In this article, we report a case of aggressive cSCC of the scalp with invasion into the skull and dura mater and emphasize the importance of performing sufficient resection to ensure an adequate safety margin and utilizing a multidisciplinary approach.

CASE REPORT

A 60-year-old man presented to the department of dermatology complaining of an ulcerative lesion on the scalp. The patient had a scalp burn 50 years before and had a history of recurrent, unhealed ulcerative lesions. On physical examination, a 6×4 cm erosive verrucous plaque was observed in the right frontoparietal region with ulceration and pain upon palpation. Preoperative computed tomography (CT) showed a bone-destructive mass in the frontoparietal region and did not reveal any neck lymph node metastasis. Based on a punch biopsy, well-differentiated squamous cell carcinoma was diagnosed. The department of dermatology planned surgical excision with adjuvant radiotherapy (RT). A physician performed wide local excision and a full-thickness skin graft. After surgical excision, brain magnetic resonance imaging (MRI) and positron emission tomography (PET) scanning were conducted before RT. However, the brain MRI and PET scans showed residual malignant tissue with dural invasion (Fig. 1). Thus, for curative secondary surgery, the patient was transferred to the neurosurgery department (Fig. 2).

Fig. 1.

Diffuse pachymeningeal enhancement, deep to previous skin graft area, indicated dural invasion (green arrow indicate dressing material).

Fig. 2.

When the patient was referred for curative secondary surgery, wide scalp defect (about 8 × 7 cm) with bone exposure was observed.

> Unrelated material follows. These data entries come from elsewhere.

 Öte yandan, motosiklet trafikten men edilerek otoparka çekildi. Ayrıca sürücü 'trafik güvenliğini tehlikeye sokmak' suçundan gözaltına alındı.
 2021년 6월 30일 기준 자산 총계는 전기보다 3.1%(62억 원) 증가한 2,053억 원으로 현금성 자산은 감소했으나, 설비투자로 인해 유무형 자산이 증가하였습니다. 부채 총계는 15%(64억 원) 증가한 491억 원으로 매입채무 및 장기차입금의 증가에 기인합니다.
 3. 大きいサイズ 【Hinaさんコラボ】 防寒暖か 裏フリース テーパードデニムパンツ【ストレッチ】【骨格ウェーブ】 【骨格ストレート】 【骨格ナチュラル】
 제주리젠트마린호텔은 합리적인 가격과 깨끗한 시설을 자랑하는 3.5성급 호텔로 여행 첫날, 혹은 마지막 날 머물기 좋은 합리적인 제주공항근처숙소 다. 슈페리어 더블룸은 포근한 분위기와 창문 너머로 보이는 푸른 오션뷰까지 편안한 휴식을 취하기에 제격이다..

The treatment plan was designed using a multidisciplinary approach, with collaboration of neurosurgery, hemato-oncology, radiation oncology, radiology, and nuclear medicine teams. Physicians in our department and in the neurosurgery department decided on the following surgical plan: (1) wide excision with bone and dura resection; (2) duraplasty using artificial dura material and cranioplasty with autologous skull splitting; and (3) reconstruction using a latissimus dorsi muscle free flap and split-thickness skin graft.

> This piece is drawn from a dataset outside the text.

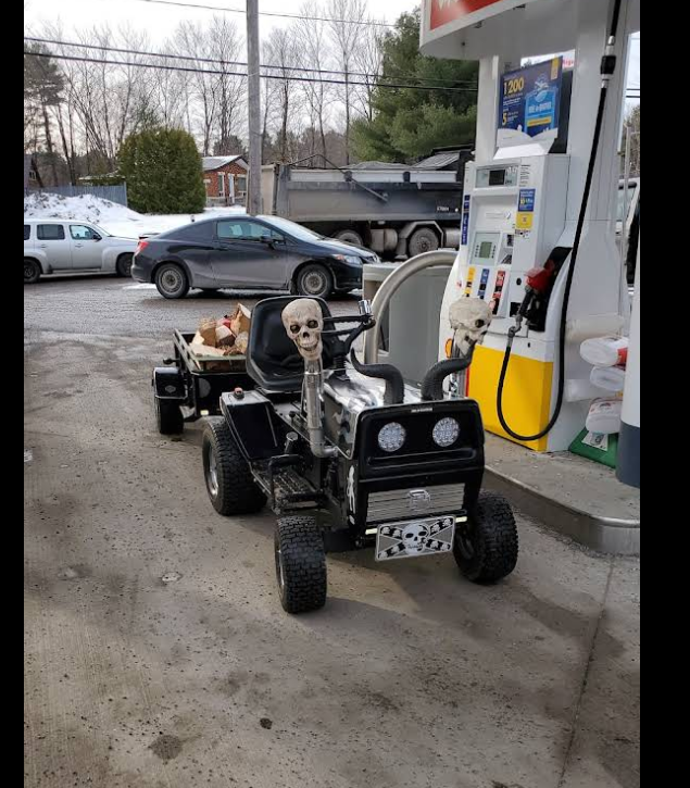 Spotted at the gas station: the only lawnmower doubling as a haunted parade float. The skull accessories are both spooky and hilarious. Forget hot rods—this is the real head-turner at any pit stop. I want to meet the person who rides this and hear their wildest stories.
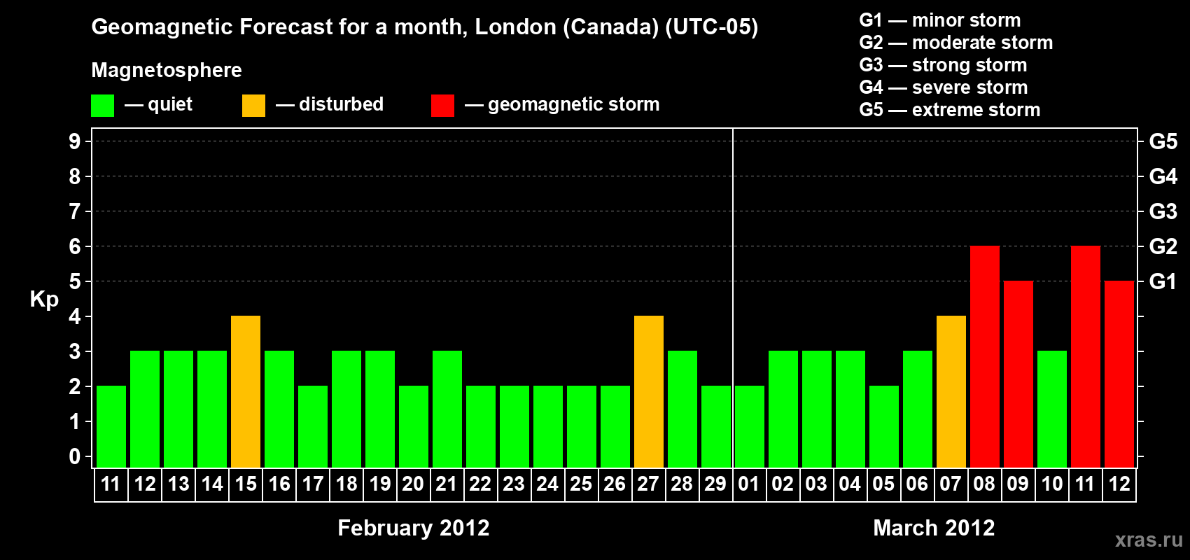 Geomagnetic storm forecast in London (Canada) for Feb 11, 2012

The surgical excision margin was 2 cm. Frozen biopsy revealed no evidence of residual tumor cells. After wide excision, the defect measured approximately 17×15 cm. We elevated a latissimus dorsi muscle free flap. The thoracodorsal artery was anastomosed end-to-end with the superficial temporal artery, and the thoracodorsal vein was anastomosed end-to-end with the superficial temporal vein. For coverage of the muscle flap, thigh skin was harvested and a meshed graft was done (Figs. 3, 4).

Fig. 3.

Neurosurgery department did wide excision with duraplasty and cranioplasty. (A) Dura defect about 8 × 8 cm was covered with artificial dura material. (B) Bone defect about 10 × 10 cm was reconstructed with bihalved calvarial bone graft.

Fig. 4.

Defect measuring approximately 15 × 17 cm remained on scalp and latissimus dorsi muscle free flap was elevated to reconstruct the defect area.

A histopathologic examination revealed squamous cell carcinoma cells infiltrating dermis layer (Fig. 5). The pathology findings were the same as reported in the first biopsy.

Fig. 5.

High-power view shows squamous cell carcinoma cells infiltrating dermis (H&E, × 400). Marked anisonucleosis, large nucleoli, coarse chromatin, and occasional bizarre nuclei (1) can be seen. Numerous mitotic figures including atypical mitosis (2) are also noted.

The flap survived without any complications and cerebrospinal fluid leakage and neurologic deficit were not observed. The patient was discharged after 1 month and postoperative RT was planned.

At 3 months of postoperative follow-up, there was no evidence of systemic relapse on the CT scan. An examination of the surgical scar did not reveal any local recurrence (Fig. 6).

Fig. 6.

Patient was discharged without any complications. (A) At 3 months of postoperative follow-up, an examination of the surgical scar and neck lymph nodes did not reveal any local recurrence. (B) There was no evidence of newly developed brain lesion at computed tomography scan.

DISCUSSION

cSCC is the second most common skin cancer and the second most common form of carcinoma after basal cell carcinoma. The incidence of cSCC is increasing throughout the world. In the United States, the lifetime risk for development of cSCC is estimated to be 9% to 14% for men and 4% to 9% for women [3]. In Korea, there were 12,516 diagnosed cases of cSCC between 1999 and 2014. Its prevalence has also steadily increased from 0.59% to 1.11% in women and from 0.95% to 1.28% in men during 1999–2002 and 2011–2014 [4].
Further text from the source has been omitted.